Having become a Fellow of the College of Surgeons in 1844, Mr. Bowman in 1846 joined the staff of the Royal London Ophthalmic Hospital, Moorfields, as assistant-surgeon, having already made extensive researches into the minute structure of all the organs of special sense. His advent to the Moorfields Hospital was marked by the delivery, in 1847, of a series of lectures on the “Parts Concerned in Operations on the Eye,” which were afterwards separately published. It was evident that ophthalmic surgery had gained a distinguished recruit. Mr. Bowman had, independently of Brücke, discovered the ciliary muscle, and his work brought forward numerous other facts of structure for the first time. His paper “On the Structure of the Vitreous Body,” contributed to the Dublin Quarterly Journal of Medical Science, also attracted good attention. His suggestions on operations for artificial pupil in the Medical Times and Gazette also showed conspicuous capacity for ophthalmic surgery.

Although much urged to devote himself exclusively to this branch of practice, Mr. Bowman preferred to continue in general surgical practice for many years, attaining the surgeoncy to King’s College Hospital in 1856, two years after he had reached the full surgeoncy at Moorfields. In 1848 he had been conjoined with Dr. Todd in the professorship of physiology and general and morbid anatomy in King’s College, retaining the professorship, after Dr. Todd’s retirement, in conjunction with Dr. Beale. But by 1855 Mr. Bowman found himself so fully occupied that he finally resigned the professorship. He held the surgeoncy to King’s College Hospital till 1862.

From this period Mr. Bowman has been the acknowledged leader of ophthalmic practice. He was one of the first to employ the ophthalmoscope. His numerous papers in the Ophthalmic Hospital Reports and in the Medico-Chirurgical Transactions have given particulars of many improvements in operations on the eye, which he has adopted, introduced, or improved. Lachrymal obstructions, glaucoma, conical cornea, and cataract are among the subjects he has specially dealt with; and he has by his clinical teaching and operative example contributed not a little to the building up of modern ophthalmic surgery. The well-earned honour of a baronetcy was conferred upon him in 1884.

The breadth of Sir William Bowman’s sympathies is shown on the one hand by the active part he took in the establishment in 1848 of the St. John’s House Sisterhood for training nurses for hospitals, families, and the poor, having joined its council from the beginning, and having materially assisted Miss Florence Nightingale in her various philanthropic nursing enterprises; and, on the other hand, by his consistent advocacy of physiological experiment. He considers that every step forwards in our knowledge of the healthy body must lead to a better understanding of disease and an improvement of our power of counteracting it, whether in the way of prevention, alleviation, or cure.

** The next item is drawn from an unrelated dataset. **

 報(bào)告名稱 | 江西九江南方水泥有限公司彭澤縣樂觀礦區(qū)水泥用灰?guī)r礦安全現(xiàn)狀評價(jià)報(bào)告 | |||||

In his address to the British Medical Association at Chester in 1866,[23] this eminent authority took occasion to protest forcibly against the imputation of cruelty to animals sometimes made against medical men in respect of physiological experiments. He insisted both on the excessive difficulty of these original inquiries and the high motives which actuate physiologists and the higher class of scientific inquirers. “There should be no doubt,” said he, “as to the free allowance of dissections of living creatures for the advancement, and also for the communication, of a knowledge so indispensable for our race, and for every generation of it.” He practically charged the opponents of vivisection with stopping the gates of knowledge, neither going in themselves nor suffering those that were entering to go in.

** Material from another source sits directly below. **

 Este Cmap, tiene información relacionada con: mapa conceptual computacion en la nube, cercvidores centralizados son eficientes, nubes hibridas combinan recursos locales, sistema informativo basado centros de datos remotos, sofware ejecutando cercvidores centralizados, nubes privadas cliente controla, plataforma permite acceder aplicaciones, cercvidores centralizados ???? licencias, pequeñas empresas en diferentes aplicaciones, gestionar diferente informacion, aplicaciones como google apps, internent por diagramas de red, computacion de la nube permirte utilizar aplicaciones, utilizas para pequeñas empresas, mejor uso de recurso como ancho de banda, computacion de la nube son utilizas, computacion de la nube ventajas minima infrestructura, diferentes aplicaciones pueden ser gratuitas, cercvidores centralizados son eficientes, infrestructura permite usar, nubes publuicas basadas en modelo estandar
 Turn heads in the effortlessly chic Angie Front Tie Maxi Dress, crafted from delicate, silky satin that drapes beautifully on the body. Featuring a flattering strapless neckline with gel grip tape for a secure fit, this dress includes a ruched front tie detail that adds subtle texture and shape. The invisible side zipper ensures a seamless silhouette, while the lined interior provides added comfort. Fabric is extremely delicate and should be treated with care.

The lofty view which Sir William Bowman takes of the surgeon’s function may be gathered from an extract from the above-mentioned address. “I see no reason to doubt that future ages will still accept the pious saying of one of old, that surgery is the Hands of God; the Human Hands, apt images and reflex of man’s whole being, from his morning hour of puling helplessness, when the

“... tender palm is prest
Against the circle of the breast;”

through all his working day of time, until they shall be upraised once more at last in joy and adoration, to hail a brighter and an eternal dawning; the Human Hands, permitted now, through insight into God’s laws, to be His instruments of succour to that earthly life and organisation which His power, wisdom, and love have first brought into being, still alone both sustain and cause to perish when their part is played; to that material organisation which dies every hour it lives, which indeed dies by living, and lives by dying, and which wondrously transmits ever its own prerogatives and dark secrets to a succeeding life, destined apparently to remain a marvel and a mystery impenetrable to all generations.”

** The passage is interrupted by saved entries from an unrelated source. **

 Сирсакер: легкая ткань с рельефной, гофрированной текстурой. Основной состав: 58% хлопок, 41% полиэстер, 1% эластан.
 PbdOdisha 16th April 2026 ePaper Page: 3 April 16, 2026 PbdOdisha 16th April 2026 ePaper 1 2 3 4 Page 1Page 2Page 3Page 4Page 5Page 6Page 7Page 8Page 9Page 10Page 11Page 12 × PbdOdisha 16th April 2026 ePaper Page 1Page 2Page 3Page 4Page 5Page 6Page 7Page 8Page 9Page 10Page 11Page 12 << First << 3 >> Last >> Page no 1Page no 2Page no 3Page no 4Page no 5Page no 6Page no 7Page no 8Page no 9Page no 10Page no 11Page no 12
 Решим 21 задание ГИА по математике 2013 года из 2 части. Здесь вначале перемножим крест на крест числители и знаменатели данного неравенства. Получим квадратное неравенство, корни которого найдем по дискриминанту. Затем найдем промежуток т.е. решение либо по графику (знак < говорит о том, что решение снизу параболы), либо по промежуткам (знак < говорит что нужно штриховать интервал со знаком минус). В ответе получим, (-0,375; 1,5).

The career of Mr. R. Brudenell Carter is of special interest, owing to the fact that he was a general practitioner in the country till the age of forty, and came to London in 1868 without friends or connection, intending to establish himself as a specialist in eye diseases, and in a few years attained to eminence. But Mr. Carter’s life had been previously marked by energy and success of no common order; and his literary tastes and accomplishments ranked in the forefront of the causes of his success.